What is needed is an exact reproduction of the listing, without its pictures.

» RAW DATA:
----

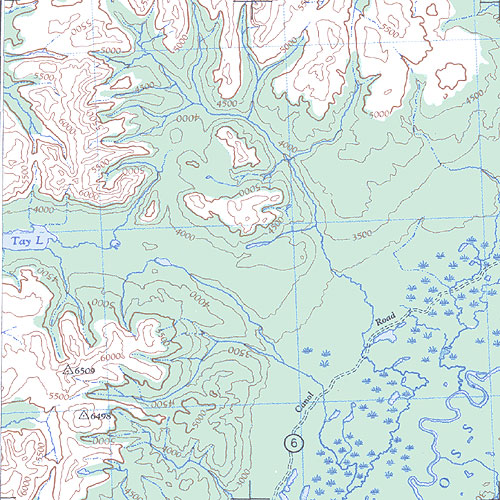 The topo map image to the left is not an exact representation. The image is based on the 1:1,000,000 scale map of the Yukon Territory. The actual 1:250,000 and 1:50,000 scale maps have additional detail not shown at the 1:1,000,000 level.
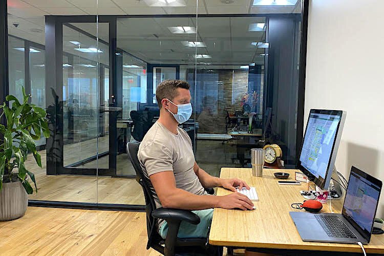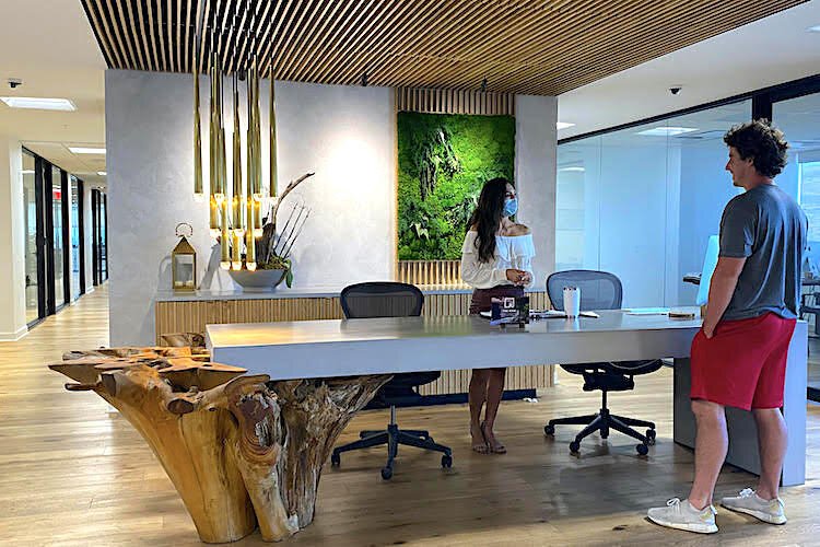 Courtesy of The Ring – Festus Porbeni of The Ring and Dina Arvanitakis of Arvanitakis Law Group coworking and practicing social distancing at work in Clearwater.
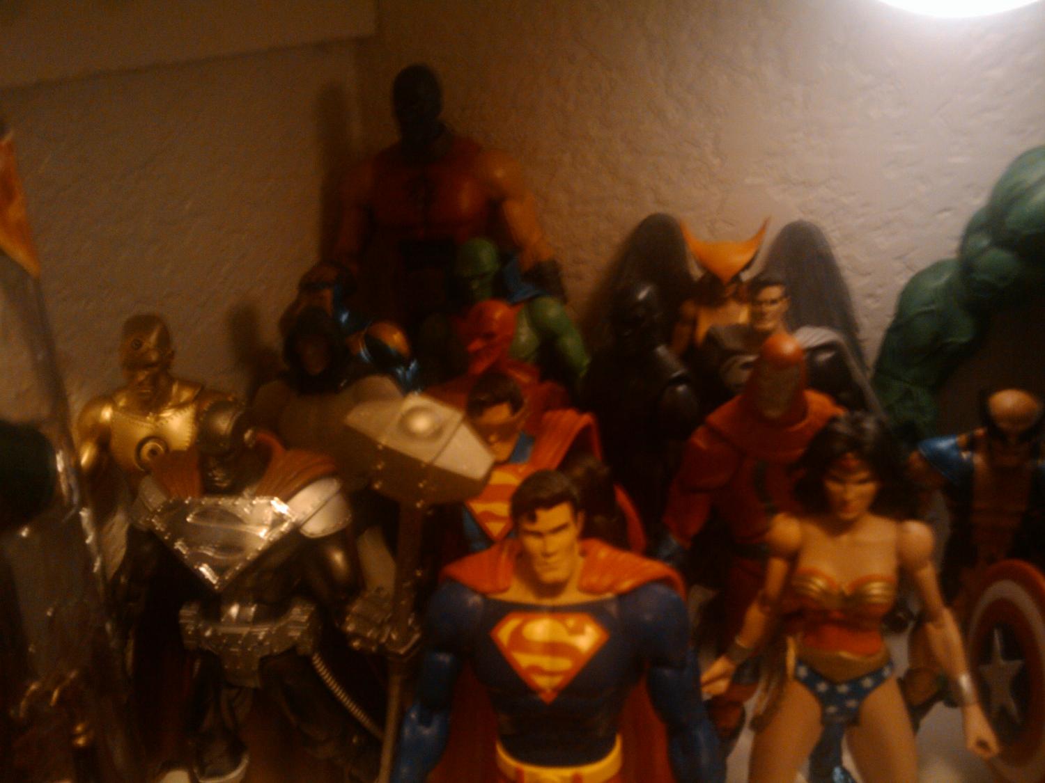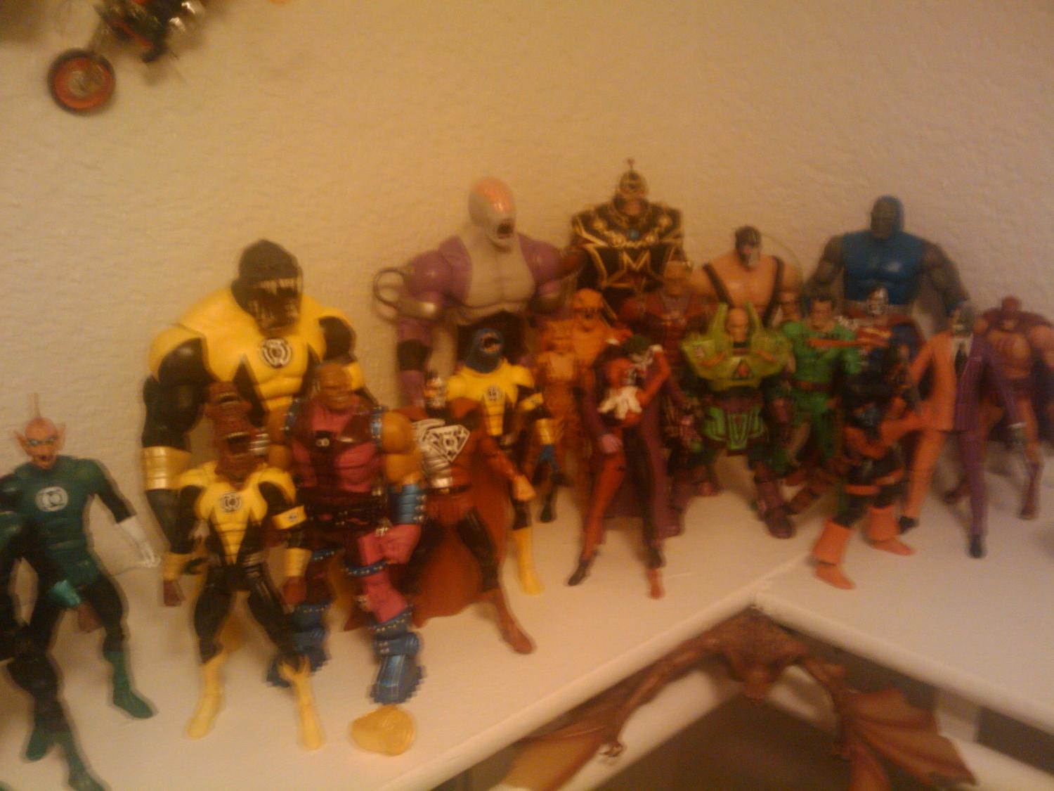 I have four shelves dedicated to DCD. Two of them are eazy to explain... I really need to catalogue the other two. Shelf 1: EVERY individual Mattel Green Lantern Corps toy. This includes *one* DCUC Hal Jordan (Wave 3), John Stewart, Katma Toi, Tomar Re, Mephyl, Naut Ki Loi, Guy Gardner, Kyle Rayner, Abin Sur, Sinestro (GL), Sadom Yat, Alan Scott, B'gd, Stel, and Kilowog. Plus- Salaak (DCD), and a custom GL TF (From the Sideswipe mold). Added to this are the GL Movie Masters- G'hu, Sinestro, Maskless Hal, Isamot, Rot Lop Fan, Galus Zed, Naut Ki Loi, Krona, Bzzd, and Kilowog (Only missing Abin Sur and Greenman) Shelf Two is where I keep all the other corps (All Mattel unless stated otherwise): Star Sapphire- Carol Ferris, plus Wonder Woman (DCD) Blue Lanterns- Flash, plus Saint Walker and Brother Warth (Both DCD) Indigo Tribe- Atom, plus Indigo 1 (DCD) Red Lanterns- Skallox, Nitelik, and Dexstar Orange Lanterns- Lex Luthor Black Lanterns- Black Hand, Abin Sur, Hal Jordan, Nekron White Lanterns- Hal Jordan, Flash Sinestro Corps- Sinestro (wave 20), Scarecrow, Batman, the little virus guy, Karu-Sil, Romat Ru, Low, Maash, Cyborg Superman, Arkillo, plus Mongul (DCD Blackest Night), and Kryb. And two Manhunter robots. The other two shelves, one is stuffed with heros... mostly Justice League and Titans. The other has all the villains I have, and the overflow heros, like the Metal Men.

----

» EXERCISE RESPONSE:
 The topo map image to the left is not an exact representation. The image is based on the 1:1,000,000 scale map of the Yukon Territory. The actual 1:250,000 and 1:50,000 scale maps have additional detail not shown at the 1:1,000,000 level.
 Courtesy of The Ring – Festus Porbeni of The Ring and Dina Arvanitakis of Arvanitakis Law Group coworking and practicing social distancing at work in Clearwater.
 I have four shelves dedicated to DCD. Two of them are eazy to explain... I really need to catalogue the other two. Shelf 1: EVERY individual Mattel Green Lantern Corps toy. This includes *one* DCUC Hal Jordan (Wave 3), John Stewart, Katma Toi, Tomar Re, Mephyl, Naut Ki Loi, Guy Gardner, Kyle Rayner, Abin Sur, Sinestro (GL), Sadom Yat, Alan Scott, B'gd, Stel, and Kilowog. Plus- Salaak (DCD), and a custom GL TF (From the Sideswipe mold). Added to this are the GL Movie Masters- G'hu, Sinestro, Maskless Hal, Isamot, Rot Lop Fan, Galus Zed, Naut Ki Loi, Krona, Bzzd, and Kilowog (Only missing Abin Sur and Greenman) Shelf Two is where I keep all the other corps (All Mattel unless stated otherwise): Star Sapphire- Carol Ferris, plus Wonder Woman (DCD) Blue Lanterns- Flash, plus Saint Walker and Brother Warth (Both DCD) Indigo Tribe- Atom, plus Indigo 1 (DCD) Red Lanterns- Skallox, Nitelik, and Dexstar Orange Lanterns- Lex Luthor Black Lanterns- Black Hand, Abin Sur, Hal Jordan, Nekron White Lanterns- Hal Jordan, Flash Sinestro Corps- Sinestro (wave 20), Scarecrow, Batman, the little virus guy, Karu-Sil, Romat Ru, Low, Maash, Cyborg Superman, Arkillo, plus Mongul (DCD Blackest Night), and Kryb. And two Manhunter robots. The other two shelves, one is stuffed with heros... mostly Justice League and Titans. The other has all the villains I have, and the overflow heros, like the Metal Men.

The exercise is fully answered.